"N.O.R.E. Nore stand for Niggas On the Run Eatin." Followed by a big "What, What" repeated over and over when I was a teen.
Not to age myself or our topic today, let's just say I haven't been a teenager for a while. To give credit where it is due, this brother has carried the torch along the way. To talk about the man, I must talk about his group efforts, as well. Ranging from his rap duo, Capone N Noreaga plus his recent success with instant hit, Drink Champs. Which definitely deserves a shout to rap partner Capone and co-host DJ EFN.
I think back to the debut album, titled N.O.R.E. The moment I hear the chuckle, then he says "The album." I don't know what it meant to everyone else, I almost feel like I know what it meant to him though. The feeling of weight being lifted off your shoulders. Being released from such a mental, physical and spiritual strain. Finally, blessed with the position to use your talent on a major scale.
As I listen to the album this day, it still gives me that battery in my back for inspiration. For someone that was in Queens, you could not go anywhere without hearing "What What, What What, What What, Wh-What" from someone's speakers. You could tell this was the guy from CNN, however his individuality stood out. Though NORE was so Queens, he was a global success. First album went gold, lead him to a rap career of longevity.
Who knew, the kid speaking Q-U language would appeal to so many. That's what I love about rap, it brings people together. At the time, radio friendly had a whole other sound. Most of N.O.R.E. was grimey, with favorites like Hed along with Body In The Trunk. Still, the entire piece is timeless, I even laugh at Animal Thug now. Speaking of thug, he gave the word more appeal. Back then, I didn't call myself one, was content being considered thugged out.
Currently, I'm cool with most heads I came up with, even ones I met along the way. They love Melvin Flynt, Golden Era rappers, love Melvin Flynt. Reluctantly, Noreaga doesn't share those same feelings with his peers. I am sure he enjoyed parts of it, I understand his point of view. It was a period of hardship resurfacing, not the same poverty struggle. This time a more emotional hit, dealing with the passing of his father. The terrible part is, bill collectors and label executives have no concern for grievance. Overall, Slime felt he rushed the album, didn't get what he wanted out of it.

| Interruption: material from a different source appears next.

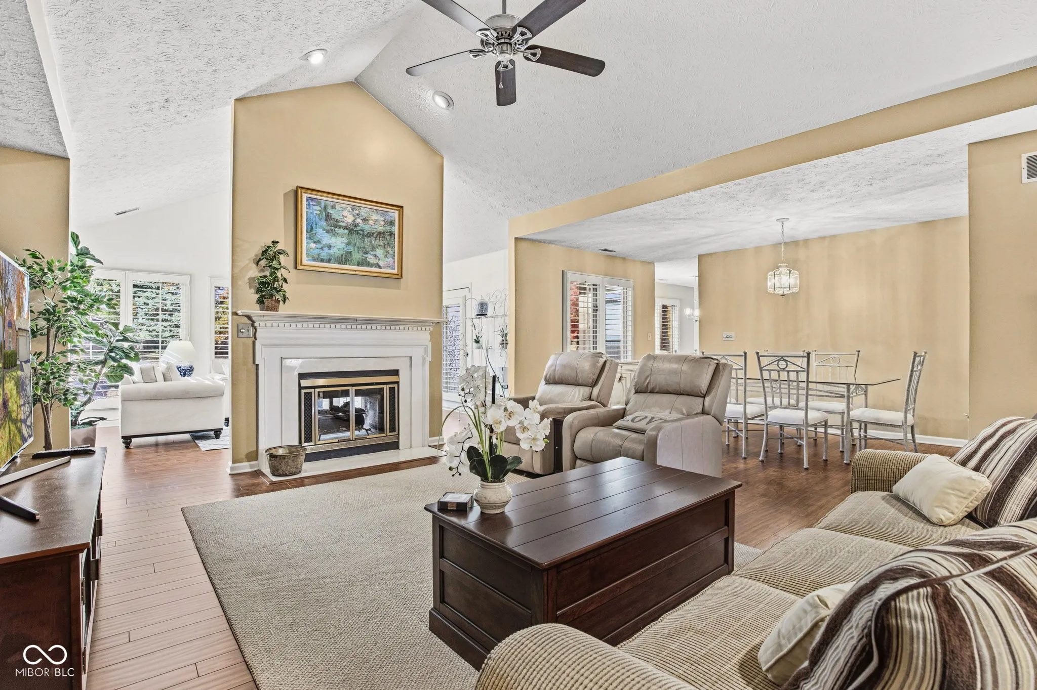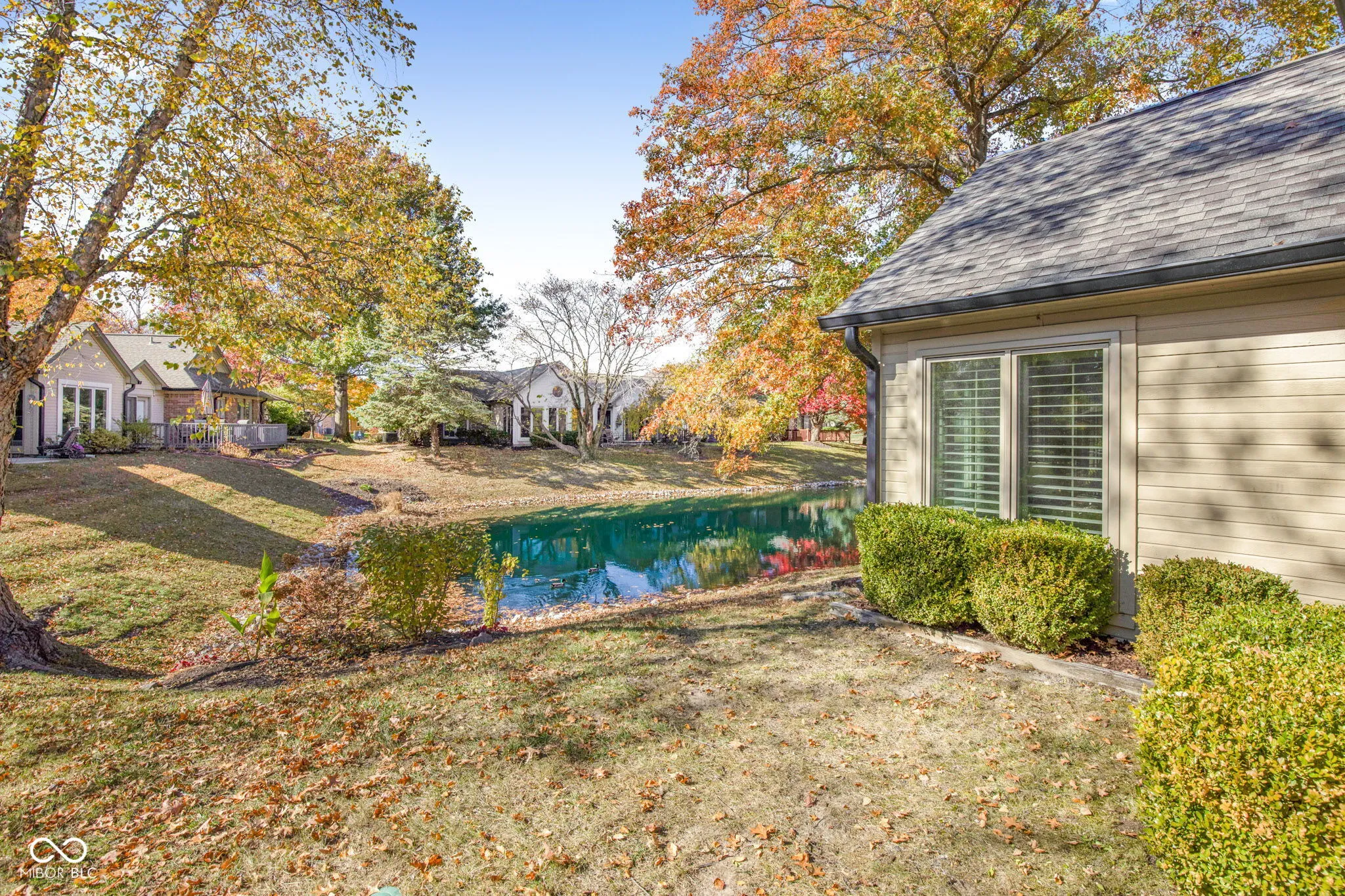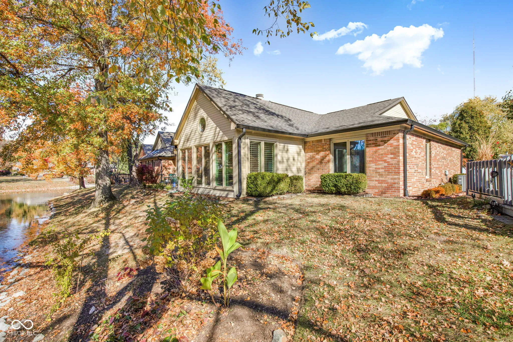 Step into 9556 Drakeford Drive, a stunning and move-in ready 2-bedroom, 2-bath single-family residence offering 1,847 sq ft of comfortable living in one of Indianapolis’s most desirable communities. This home seamlessly blends classic character with modern updates, providing a highly desirable low-maintenance lifestyle with a pond view from sunroom, breakfast room, kitchen, dining room and second bedroom. The open-concept living room is bathed in natural light from large windows, featuring vaulted ceilings and a cozy see through gas fireplace-the perfect setting for gatherings or quiet evenings. The spacious kitchen is a chef’s delight, boasting granite countertops, stainless steel appliances, and rich wood cabinetry. A convenient pantry and adjoining dining area showcase beautiful backyard views, enhancing your culinary experience. Retreat to the serene primary suite, complete with vaulted ceilings and an en-suite bath that offers dual vanities and a large mirror. A second well-sized bedroom and a full guest bath ensure comfort and privacy for everyone. Outside, the brick exterior and mature trees provide timeless curb appeal, paired with a well-maintained yard and an attached 2-car garage for convenience and extra storage. Perfectly situated in a quiet area, this location offers ultimate convenience, just minutes from hospitals, dining, shopping centers, parks, and schools. The community is supported by a required HOA fee of $376/month, ensuring the home’s low-maintenance appeal. This home checks all the boxes for comfort, convenience, and style!

That was a period with no social media or digital magazines. So, if you wanted to know an artist's opinion, you had to wait. Honestly, NORE may not have been willing to explain that sort of thing to random public people. God's favorite thug still had deeply groomed ways of the streets. Spurts of his colorful personality were revealed occasionally. However, totally adjusting to the camera would take time.
In expression of his personality, Noreaga dropped a Reggaeton album. At a time of celebration, recent deal with the Roc, plus Latin culture was taking off in Hip Hop. Such a move deserved more public praise, instead was criticized. People missed something big while making it the topic of their jokes. What he did, was the same thing rappers do with their Jamaican roots. Plenty hit Reggae / Rap crossovers play presently. It's all good, Slime got the last laugh. Let that joint with Nina Skye come on around your girl. There's not a Latin country where chics don't go crazy to that song.
In all seriousness, stress continued to build over the years, his freedom on the line. One life threatening incident involving a shootout along with partner Capone, the other a triple-murder trial. No, he was not accused of the murder, thank God. Though, it was a friend as the suspect. The public has no idea what goes on in the lives of their celebrities, yet constantly take shots at them.
Proven hustler, NORE made the best of his hours. During that period, he landed roles in several films. To name a few, Paper Soldiers, State Property 2 and Paid In Full. In my opinion, this is where the star personality begins to shine. His roles were didn't have the most time in each film, they still packed potency. His music is great, just three minutes and thirty seconds only gives the consumer, so much.
That's why I feel today's podcast frenzy is perfect for the Super Thug. Now we get all emotions covered in all his projects with the natural conversation flow. You can't help to see where the humor in his movie roles came from. The chemistry with main co-host DJ EFN is excellent. The liberty for the guest to get comfortable is what we've been waiting for. This same thing goes on in studios worldwide leading to great material. So, for these guys to capture all that on this type of platform is golden.
Will Drink Champs have the Ali, Jones Jr, Mayweather Jr effect? I really don't know, I just enjoy them making it look so easy. This show is in a class by itself, there are similarities, not necessarily competition. Capone often appears on episodes stating drunk facts. By now, Golden Era fans, along with the Google Babies get to witness all sides of NORE. So when new tunes go up on You Tube, heads flock to it.
To the OG that coined Lefrak as Iraq, who showed the world how to hustle. Five CNN bangin albums, six wave- setting solo albums. I gotta give my thanks for him being a big part of that motivation to use my talents. Coming from someone who raps, works with film and podcasts. I strongly agree with biggin up legends while they are living. Before closing, congratulations on the new food show, can't wait to see it big bro!